Symlinking vs copying into $out/

I want to include some input files in my build output. I know of two options.

  • ln -s input $out/
  • cp input $out/

What are the implications of using each of these?

  • Will the linked ones use less storage?
  • Would linked ones be garbage collected when copied ones wouldn’t?
  • What else?
1 Like

What is input? Is it another store path? If not, definitely copy because otherwise your output is impure.

If it is a store path, linking will save space that would have otherwise been used in the copy (unless your filesystem does automatic deduplication), but it also means the input store path is now referenced by yours. So if you symlink a single file from e.g. a 1GB build output, you’re now pinning that entire 1GB build output such that it can’t be garbage-collected.

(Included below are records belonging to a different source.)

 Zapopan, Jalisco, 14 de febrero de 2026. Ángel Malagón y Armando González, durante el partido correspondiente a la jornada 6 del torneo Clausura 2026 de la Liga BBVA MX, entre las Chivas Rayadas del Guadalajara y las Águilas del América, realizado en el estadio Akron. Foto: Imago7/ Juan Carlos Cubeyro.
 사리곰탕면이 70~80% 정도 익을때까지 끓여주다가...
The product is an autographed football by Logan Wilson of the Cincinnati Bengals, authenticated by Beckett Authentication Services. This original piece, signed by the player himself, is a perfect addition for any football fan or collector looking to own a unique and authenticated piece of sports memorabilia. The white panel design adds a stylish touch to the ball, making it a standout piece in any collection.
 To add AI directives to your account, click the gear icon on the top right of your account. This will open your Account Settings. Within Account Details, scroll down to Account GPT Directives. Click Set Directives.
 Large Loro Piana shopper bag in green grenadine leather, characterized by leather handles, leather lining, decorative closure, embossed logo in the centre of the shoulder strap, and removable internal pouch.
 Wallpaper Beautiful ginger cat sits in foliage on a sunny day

Also, nix has an option to determine if files are identical and hardlink them to save space. It’s not done by default, presumably because it’s slower (it definitely takes a while to do the initial pass, I don’t know offhand if it can do this incrementally), but it can be handy, especially if you’re running out of inodes.

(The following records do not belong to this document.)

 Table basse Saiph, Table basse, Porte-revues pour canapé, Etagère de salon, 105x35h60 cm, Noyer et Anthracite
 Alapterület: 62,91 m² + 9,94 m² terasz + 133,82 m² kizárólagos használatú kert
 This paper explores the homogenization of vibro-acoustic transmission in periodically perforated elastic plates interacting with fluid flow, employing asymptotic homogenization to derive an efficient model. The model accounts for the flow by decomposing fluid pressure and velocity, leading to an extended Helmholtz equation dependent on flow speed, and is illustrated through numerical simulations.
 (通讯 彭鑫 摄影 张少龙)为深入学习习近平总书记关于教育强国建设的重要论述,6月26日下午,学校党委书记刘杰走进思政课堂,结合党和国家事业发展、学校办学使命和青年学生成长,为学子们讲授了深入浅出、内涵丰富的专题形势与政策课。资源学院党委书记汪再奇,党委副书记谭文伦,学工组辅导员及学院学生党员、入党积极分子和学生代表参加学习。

You could also just try hardlinking the file yourself. I don’t generally see this done in derivations but I’m not really sure why not. My only real thought is if there’s a chance the filesystem doesn’t support hardlinks, but I don’t know if that’s likely to come up in practice. It looks like cp has a flag -l to hardlink files automatically so if disk space is a concern with your input files then using cp -l might be the best approach.

2 Likes

My recollection of directly hardlinking is, last I tried doing it it
failed in a sandbox, because nix’s sandbox relies on bind-mounting each
store path and one can’t hardlink across two different mounts (even if
down below they refer to the same filesystem).

Now, maybe things have changed in the past few years? :slight_smile:

2 Likes

The hard linking optimization works for the local filesystem, but it doesn’t improve the transfer of store paths between systems like binary caches.

On the other hand, symlinks do tend to trade less bandwidth for more network roundtrips, because a typical cache retrieval takes two http requests. Nix can only be sequential in dependency depth (as long as it is designed to minimize the number of requests).

So, as usual, it depends :slight_smile:

1 Like

Oh interesting. I generally use Nix on macOS where it can’t use bind mounts like that so I hadn’t run into that, but that would explain why packages generally copy instead of hard-linking.